- [WORK TO BE COMPLETED]: Except for images, print the whole listing verbatim.

- [DATA]:
────
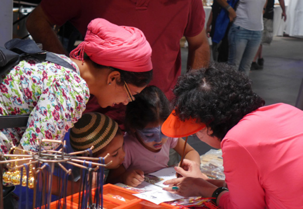中国民协连续多年派团参加以色列国际艺术和手工艺博览会。图为艺术家为以色列小朋友题写中文名字。
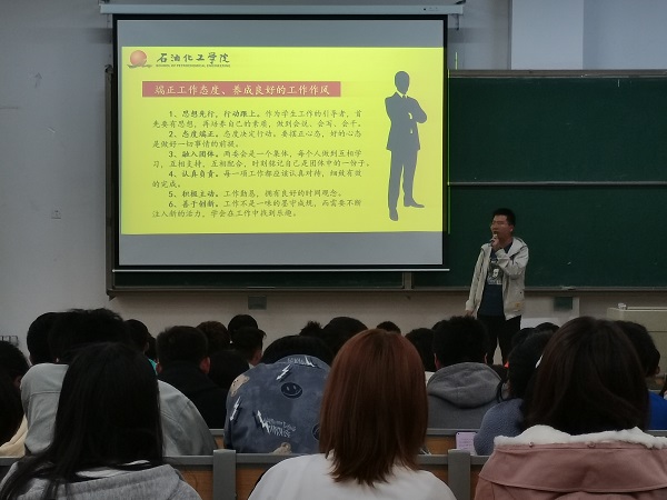 为深入学习贯彻习近平新时代中国特色社会主义思想,用习近平总书记关于青年工作重要思想指引青年成长成才,10月14日晚,石油化工学院团委、学生会在集贤楼308召开专题培训会。会议由学院团委书记常婕主持,学院团委、学生会全体工作人员参加了培训。
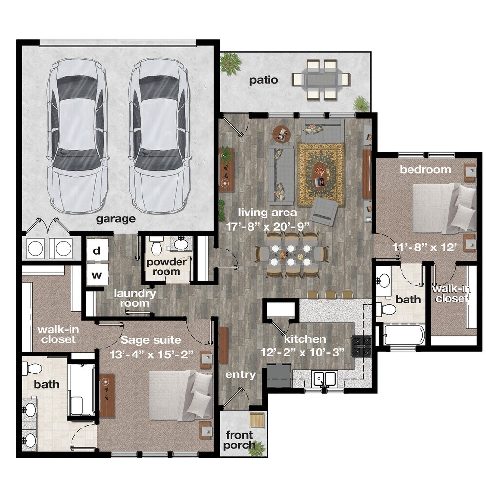 1 Dormitorio, 1.5 Baños, 1213 pies²Disponible AhoraGalería del Modelo
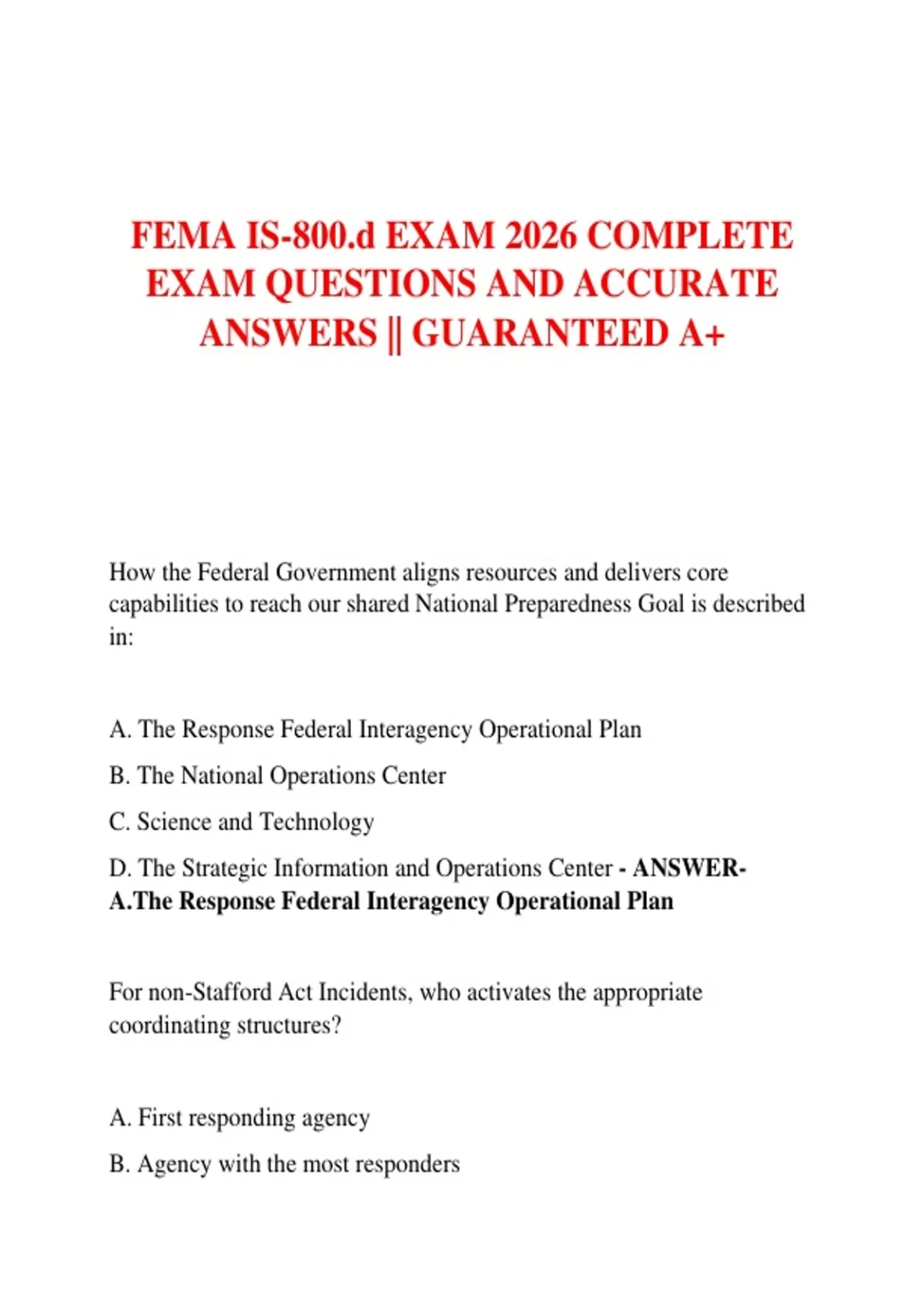 FEMA IS-800.d EXAM 2026 COMPLETE EXAM QUESTIONS AND ACCURATE ANSWERS || GUARANTEED A+
────
- [ANSWER]:
中国民协连续多年派团参加以色列国际艺术和手工艺博览会。图为艺术家为以色列小朋友题写中文名字。
 为深入学习贯彻习近平新时代中国特色社会主义思想,用习近平总书记关于青年工作重要思想指引青年成长成才,10月14日晚,石油化工学院团委、学生会在集贤楼308召开专题培训会。会议由学院团委书记常婕主持,学院团委、学生会全体工作人员参加了培训。
 1 Dormitorio, 1.5 Baños, 1213 pies²Disponible AhoraGalería del Modelo
 FEMA IS-800.d EXAM 2026 COMPLETE EXAM QUESTIONS AND ACCURATE ANSWERS || GUARANTEED A+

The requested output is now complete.